Les signes multipliés au monde de l’argent, au CAC 40, aux milliardaires, à l’univers du Fouquet’s, la « pipolisation » de la société, les vedettes éphémères, la vedettarisation de la politique, la jubilation des hot-dogs avec Bush père, Bush mère, Bush couple, - et que j’ai aimé ce jour-là que Cécilia Sarkozy ait une angine blanche !- et qu’aussitôt rentré on se précipite, toutes affaires cessantes, pour envoyer le ministre des Affaires étrangères en Irak, pour y dire tout haut ce que l’administration américaine pense tout bas, et que le ministre de la Défense vienne et explique sans précaution, sans introduction, que, toutes affaires cessantes, il faut cesser de « chipoter » et qu’il faut dare-dare rentrer dans l’OTAN, tout cela - chacun des gestes, pris individuellement, pourrait être maladresse, hâte de novice, geste improvisé – eh bien tout cela fait un système, et ce système, je le crois, ce n’est pas le choix fondamental, historique, des valeurs de la France.

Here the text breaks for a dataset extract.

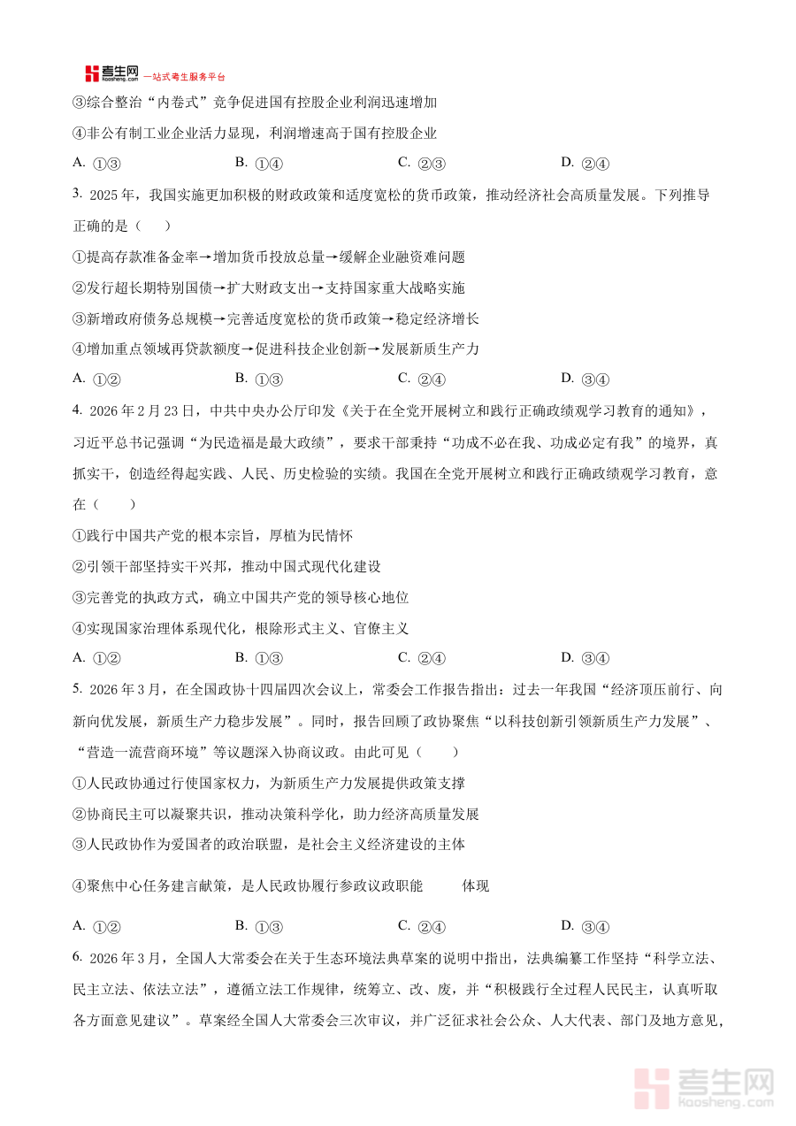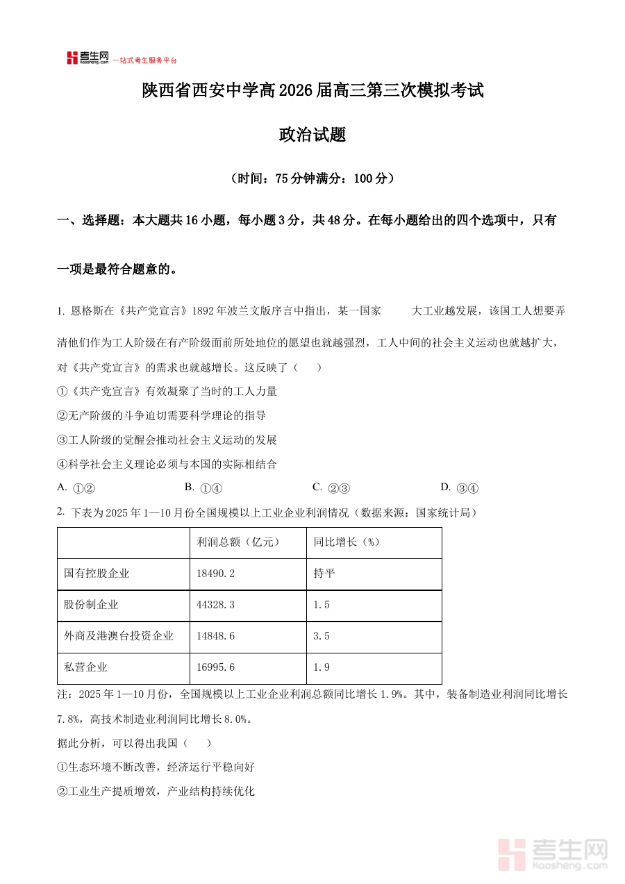 《2026届陕西西安中学高三下学期第三次模拟考试政治试卷 Word版无答案》是面向2026届陕西省西安市西安中学高三学生推出的阶段性模拟考试资料,属于高三下学期复习进程中的关键检测载体,紧密贴合该校政治学科的教学进度与复习重点,为学生提供与学校教学要求相匹配的模拟练习机会。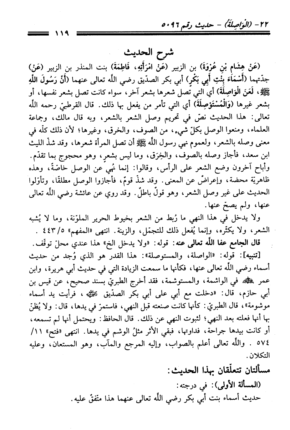 [تنبيه]: قوله: "الواصلة، والمستوصلة": هَذَا القدر هو الذي وُجد منْ حديث أسماء رضي الله تعالى عنها، فكأنها ما سمعت الزيادة التي فِي حديث أبي هريرة، وابن عمر -رضي الله عنهم- فِي الواشمة، والمستوشمة، فقد أخرج الطبريّ بسند صحيح، عن قيس بن أبي حازم، قَالَ: "دخلت مع أبي عَلَى أبي بكر الصدّيق -رضي الله عنه-، فرأيت يد أسماء موشومة"، قَالَ الطبريّ: كأنها كانت صنعته قبل النهي، فاستمرّ فِي يدها، قَالَ: ولا يُظنّ بها أنها فعلته بعد النهي؛ لثبوت النهي عن ذلك. قَالَ الحافظ: ويحتمل أنها لم تسمعه، أو كانت بيدها جراحة، فداوتها، فبقي الأثر مثلُ الوشم فِي يدها. انتهى "فتح" 11/ 574. والله تعالى أعلم بالصواب، وإليه المرجع والمآب، وهو المستعان، وعليه التكلان.

Voici ce qu'il dit du Mouvement démocrate (MoDem):

J’ai un message pour chacun d’entre vous dans cette période où nous entrons : « soyez fiers de ce que vous êtes, soyez fiers de votre passé si vous en avez, et même de vos hésitations si vous en avez connu, ne reniez rien, assumez. Vous avez cru en quelque chose, vous vous êtes trompés peut-être, ou simplement les temps n’étaient pas mûrs. Eh bien, vous n’entrez pas dans cette maison contre ce que vous avez cru, vous y entrez avec ce que vous avez cru. Et c’est comme cela que nous allons parler à la France, parce qu’elle aussi est diverse, et qu’elle a besoin qu’on ait le cœur et l’âme assez large pour l’aimer comme elle est, dans sa diversité, dans son pluralisme, nous qui sommes les défenseurs du pluralisme, de la diversité, de la compréhension et du rassemblent… »

Et nous porterons un seul nom. Et c’est un grand nom. Le Mouvement Démocrate.

Cela nous évitera d’avoir à nous définir par rapport aux autres – et ainsi de leur concéder un avantage décisif !

Il me semble que le temps est venu que nous nous définissions non pas par rapport aux autres, mais par rapport à nous-mêmes, à ce que nous sommes, à ce que nous croyons, à ce que nous voulons.

Je n’ai jamais renié ce qu’il y a de juste dans l’aspiration du centre. Mais dire centre, c’est se définir par rapport à la droite et par rapport à la gauche. Et nous, nous sommes démocrates !

Comme on dit « les conservateurs », comme on dit « les socialistes », on dira « les démocrates ».

Nous sommes démocrates d’abord parce que démo veut dire  « peuple », et parce que nous croyons au peuple davantage qu’à toutes les oligarchies, à toutes les confiscations de pouvoir et de privilèges.

Nous sommes démocrates parce que nous croyons que l’état de citoyen est un état supérieur d’appartenance à la cité.

Enfin nous sommes démocrates parce que nous croyons que l’irruption de la société de l’information rend nécessaire et permet enfin que se réalise la conviction qu’a exprimée le premier, il y a cent ans, Marc Sangnier, que je n’ai jamais entendu formuler aussi précisément : «  la démocratie est l’organisation sociale qui porte au plus haut la conscience et la responsabilité des citoyens ». Et nous, nous voyons dans cette conscience et dans cette responsabilité le moteur même du progrès de la société et du progrès individuel des hommes.